“We shall see: What does Caesar say? ‘Dangers may threaten me in the rear; but when they see the front of Caesar—’” But Kai did not finish. He was feeling rather out of sorts himself; he went to the platform and sat down in the master’s chair, where he began to rock back and forth, scowling. Hanno still sat with his forehead resting on his arms. So they remained for a while in silence.

Then, somewhere in the distance, a dull humming was heard, which quickly swelled to a tumult of voices, approaching, imminent.

“The mob,” said Kai, in an exasperated tone. “Goodness, how fast they got through. They haven’t taken up ten minutes of the period!”

He got down from the platform and went to the door to mingle with the incoming stream. Hanno, for his part, lifted up his head for a minute, screwed up his mouth, and remained seated.

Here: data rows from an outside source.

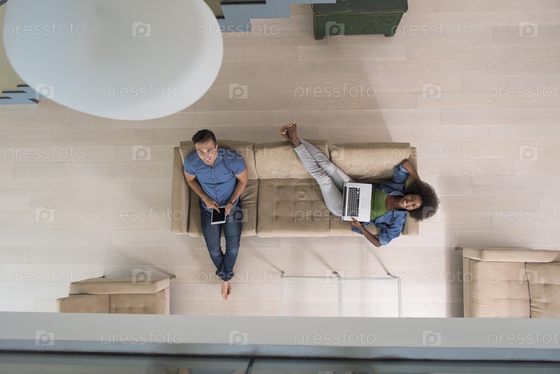 Молодая многонациональная пара отдыхает в гостиной
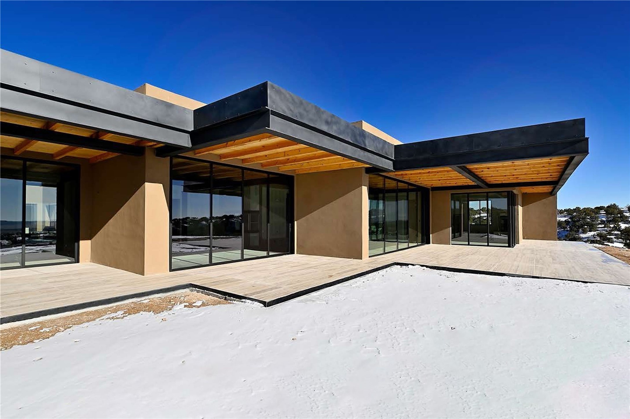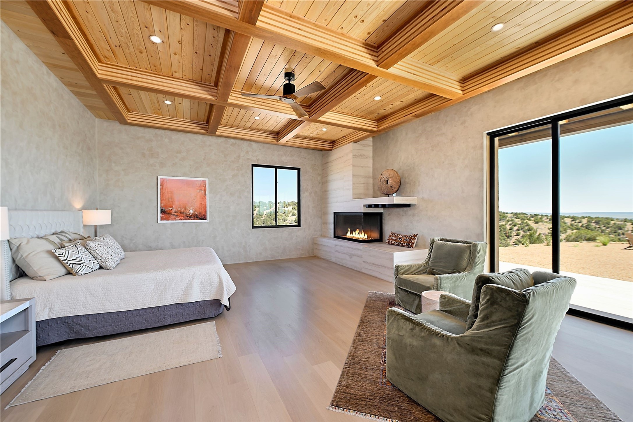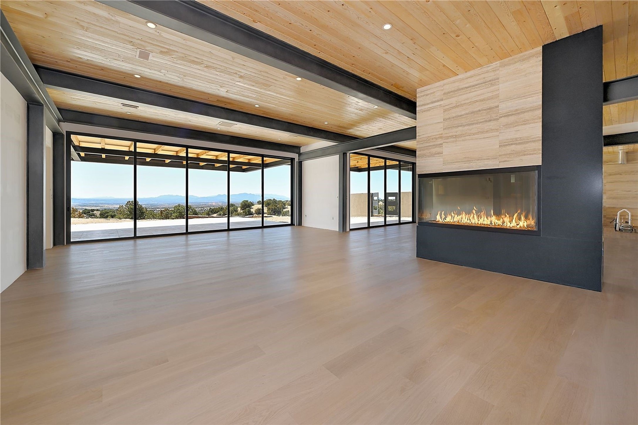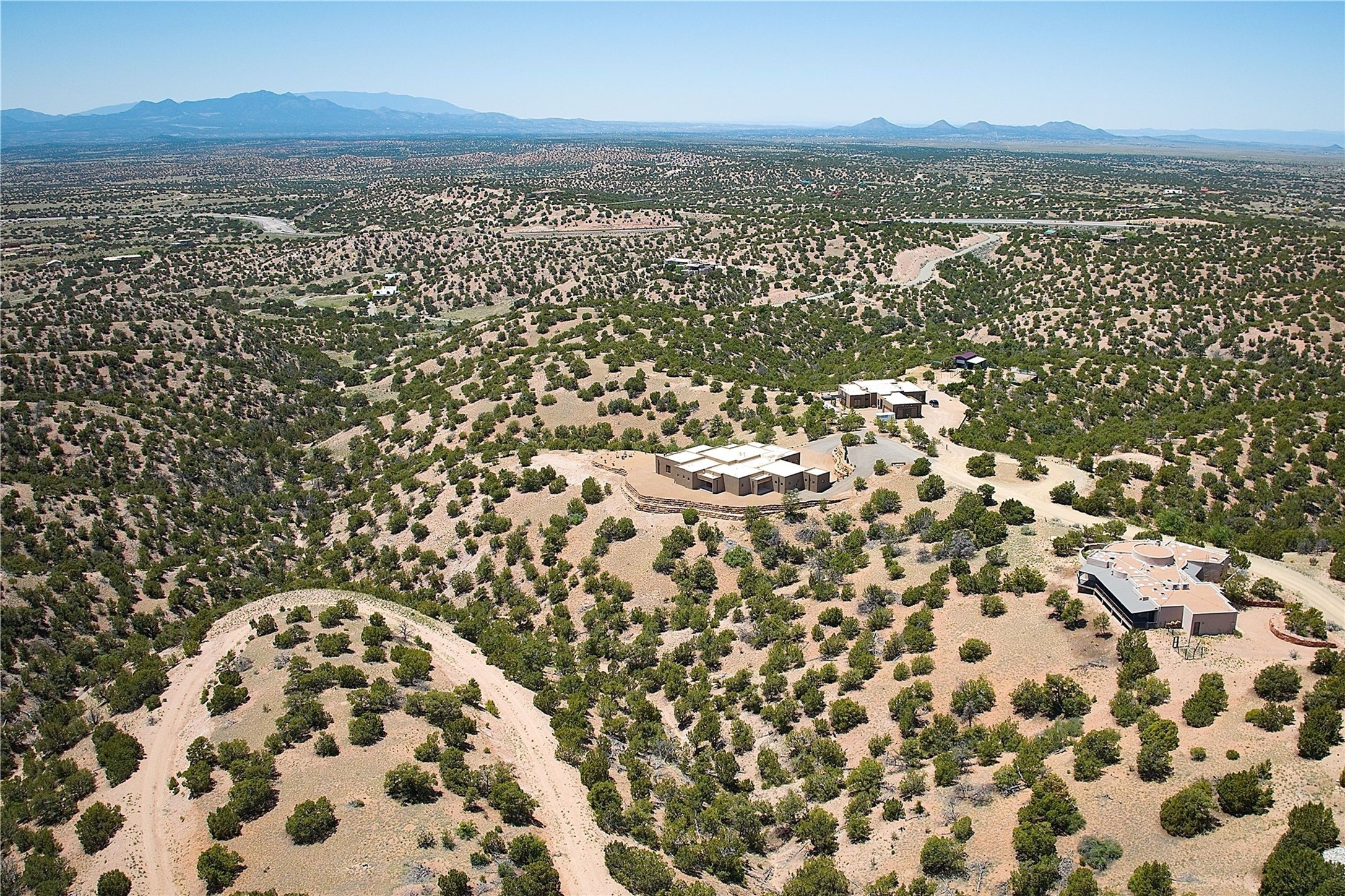 ** 2025 Grand Hacienda Winner!17 Vista Bella will be the #1 Property on the Haciendas 2025 Parade of Homes Tour 8/8-8/10 and 8/15-8/17. Breathtaking views and stellar night skies- this new build is move in ready! Boasting (approx.) 4,400 sq. ft. & nestled on 12.68 acres, this home offers unparalleled views of the Galisteo Basin and mountains. Designed by Mark Schwebel of Big Art Builders, 2024 Parade of Homes for Natural Materials winner, this masterpiece blends cantilevered steel beams, glass, natural wood, and stone to harmonize with its high-desert surroundings. A contemporary design brings the outdoors in, with expansive windows, a stunning outdoor kitchen, and spaces perfect for entertaining. Each element has been meticulously crafted to highlight the surrounding beauty while creating a warm, luxurious environment. The kitchen's stunning centerpiece is crafted from white oak slabs, complemented by Italian stone floors and walls. Counters are custom-milled Brazilian stone, with BlueStar appliances and True refrigeration. Each bathroom is a work of art, clad in exotic stones sourced from Mexico, Turkey, and Italy. Vanities are crafted from exotic hardwoods like West African Padauk and Black Limba, paired with countertops of Persian travertine, Brazilian Taj Mahal, and Namibian granite. The powder room features Italian stone and a unique concrete sink. Refined details include: 7" French white oak floors, Lake Tahoe white fir ceilings, and two showpiece gas fireplaces: a modern shepherd's design in the primary suite and a black granite-clad peninsula in the living room. Take advantage of the unrivaled comfort this home offers with High-efficiency Carrier forced air heating and cooling, radiant heating throughout, and superior insulation with closed-cell spray foam (R60 ceilings, R30 walls). This home is a celebration of luxury, nature, and artistry, a truly one-of-a-kind property that must be experienced.
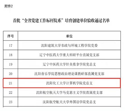 近日,中共辽宁省委教育工委印发《中共辽宁省委教育工委办公室关于公布首批全省党建工作示范高校 标杆院系 样板支部培育创建单位验收通过名单的通知》(辽委教办〔2021〕43号),万象城党委、计算机科学与技术学院党总支、环境与安全工程学院学生党支部、计算机科学与技术学院学生党支部顺利通过示范高校、标杆院系、样板支部培育创建单位验收。
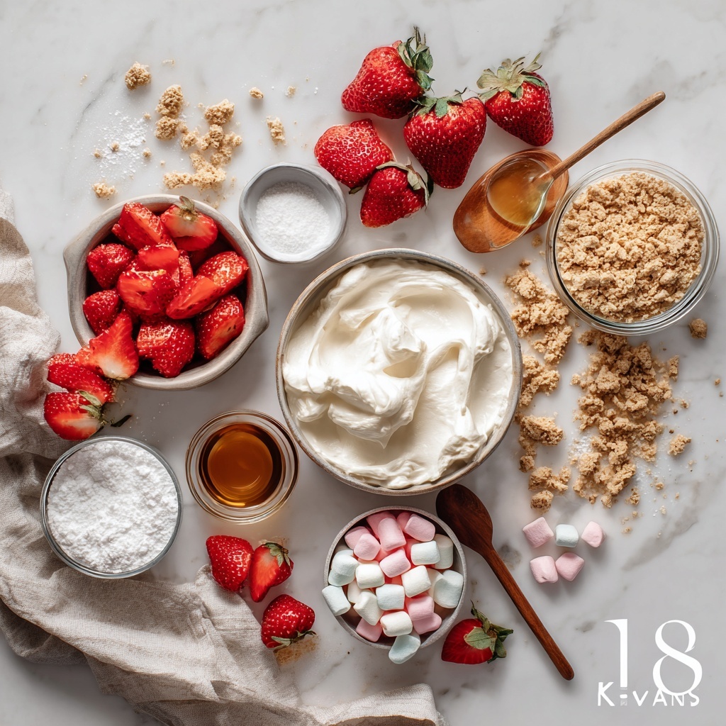 Gathering the ingredients for this recipe is a breeze, and each one plays a vital role in creating the perfect balance of creaminess, sweetness, and texture. From fresh strawberries that bring natural brightness to the fluffy whipped topping that makes the dish so light, every component is essential.
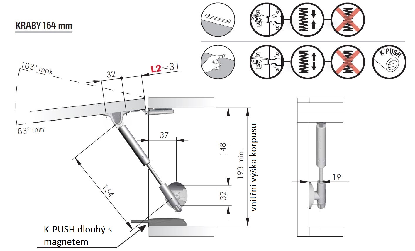 IF plynová vzpěra Kraby, pro horní výklop, polohovací, 164mm/60N
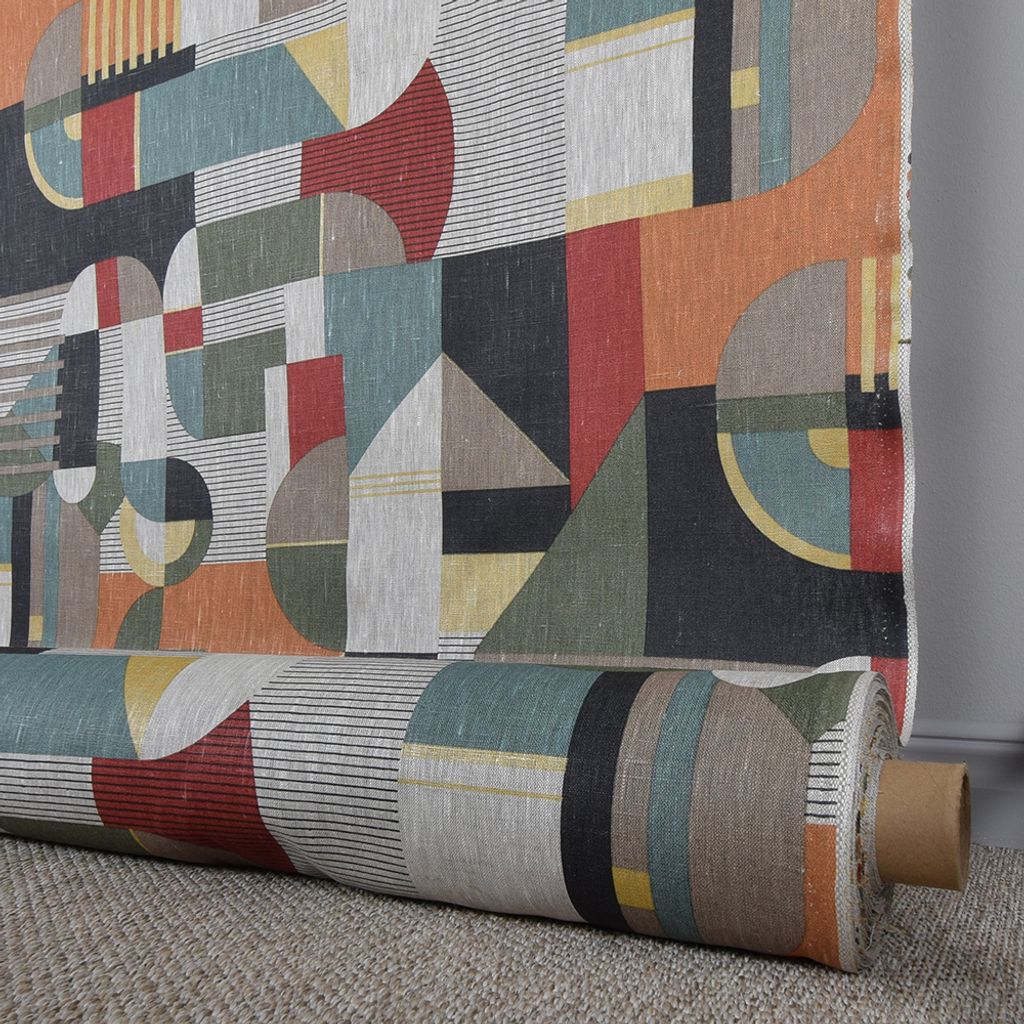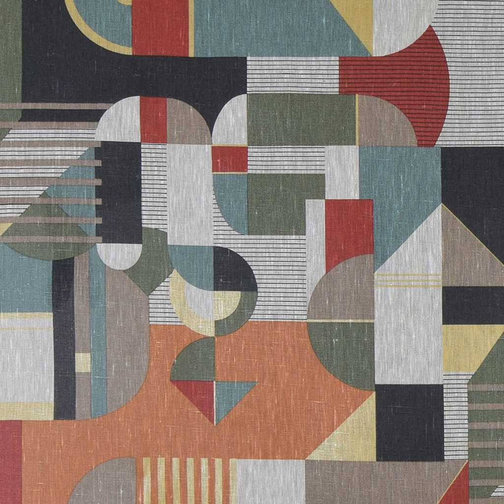 Högkvalitativt linnetyg med ett unikt abstrakt mönster och snygga färger. STANDARD 100 by OEKO-TEX®
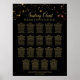 Faites de votre réception de mariage une belle avec ce tableau de sièges. Conçu dans le cadre de notre Suite Mariage Shimmering Sparkles, il présente un design élégant mais fantaisiste d'étoiles roses et dorées avec du texte doré sur un arrière - plan noir. Ce graphique montre les affectations de table afin que vos invités aient un temps facile à trouver la bonne table.
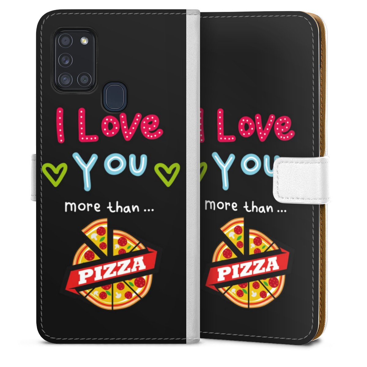 For our Sideflip Case we are using our advanced direct printing technology. The back and frontside are fully printabale, the inside of the phone bag is left unprinted. You can order the phone case without print, printed completely or also with a partial print.
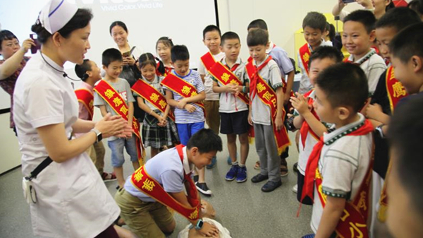 7月5日上午,第7期儿童院前急救培训在河西院区“童馨乐园”举行,29名来自全市各中小学的同学们参加了此次活动。
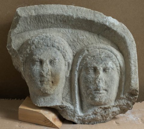 - Porträtköpfe von einer Familienstele. In der Mitte Jüngling, rechts Frau mit Schleier. Links schloss eine weitere Person an.
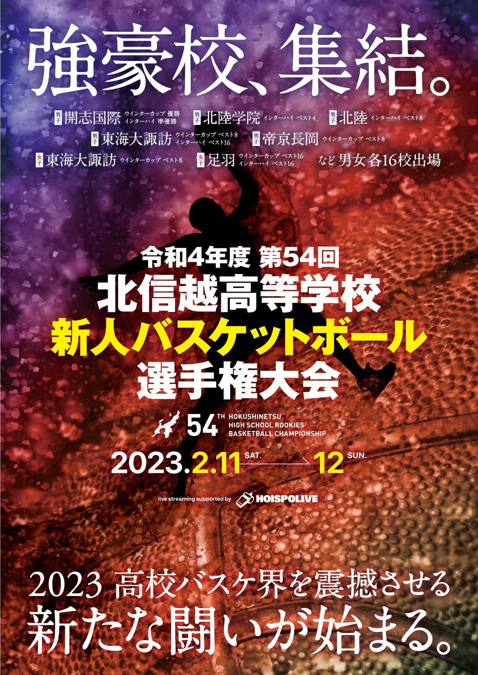 全国優勝の開志国際、ベスト4北陸学院、ベスト8東海大諏訪・帝京長岡などの新チームが、日本一を目指してスタートを切ります! 今年の高校バスケ界を占う意味でも見逃せない大会です!!
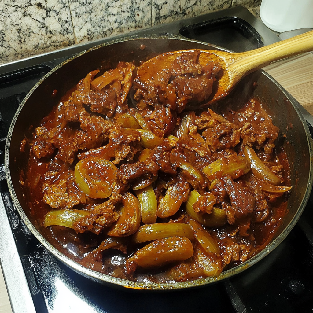- Laissez cuire encore 2 minutes pour que la viande s’imprègne bien de la sauce.
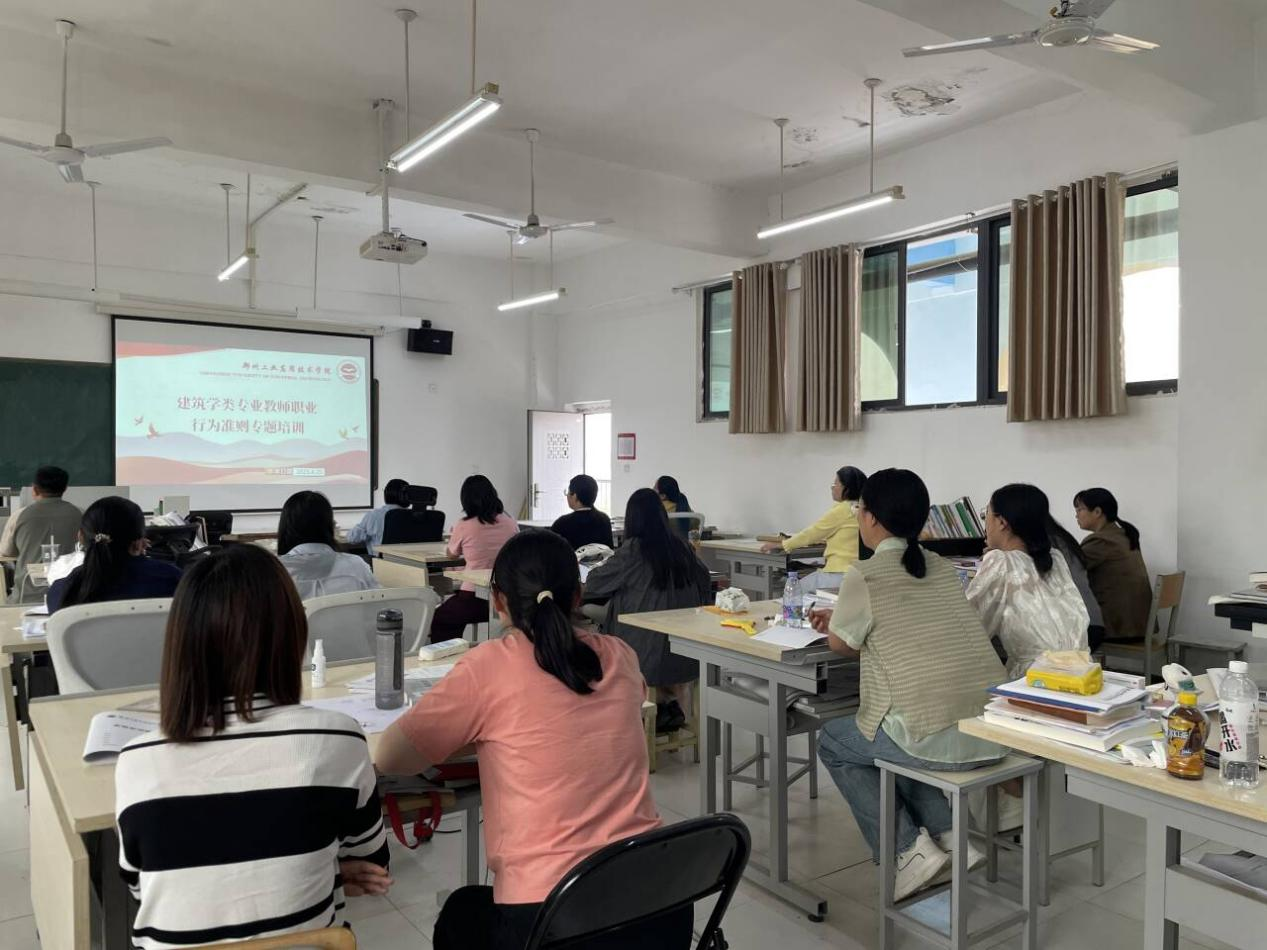 (文图/赵凯悦 编辑/郝亚勋 审核/靳晓亮)为深化新时代师德师风建设,4月25日,365VIP英国上市官网举办建筑类专业教师职业行为准则专题培训。建筑教研室、城乡规划教研室全体教师参加了此次培训活动。
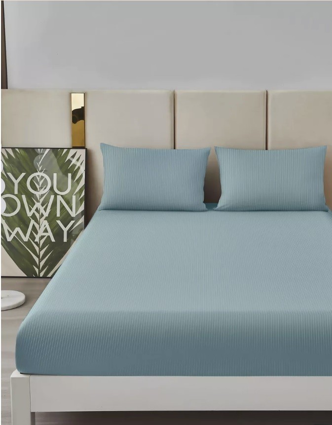 Простыня Страйп Жаккард на резинке Мерцана MERCJ001 (Серо-голубой)Вопросы по товару

Stamping, shuffling, with a confusion of masculine voices, treble and falsetto, they flooded up the steps and over the corridor. The classroom suddenly became full of noise and movement. This was the lower second form of the Realschule, some twenty-five strong, comrades of Hanno and Kai. They loitered to their places with their hands in their pockets or dangling their arms, sat down, and opened their Bibles. Some of the faces were pleasant, strong, and healthy; others were doubtful or suspicious-looking. Here were tall, stout, lusty rascals who would soon go to sea or else begin a mercantile career, and who had no further interest in their school life; and small, ambitious lads, far ahead of their age, who were brilliant in subjects that could be got by heart. Adolf Todtenhaupt was the head boy. He knew everything. In all his school career he had never failed to answer a question. Part of his reputation was due to his silent, impassioned industry; but part was also due to the fact that the masters were careful not to ask him anything he might not know. It would have pained and mortified them and shaken their faith in human perfectibility to have Adolf Todtenhaupt fail to answer. He had a head full of remarkable bumps, to which his blond hair clung as smooth as glass; grey eyes with black rings beneath them, and long brown hands that stuck out beneath the too short sleeves of his neatly brushed jacket. He sat down next Hanno Buddenbrook with a mild, rather sly smile, and bade his neighbour good morning in the customary jargon, which reduced the greeting to a single careless monosyllable. Then he began to employ himself silently with the class register, holding his pen in a way that was incomparably correct, with the slender fingers outstretched; while about him people yawned, laughed, conned their lessons, and chattered half aloud.

After two minutes there were steps outside. The front rows of pupils rose, and some of those seated farther back followed their example. The rest scarcely interrupted what they were doing as Herr Ballerstedt came into the room, hung his hat on the door, and betook himself to the platform.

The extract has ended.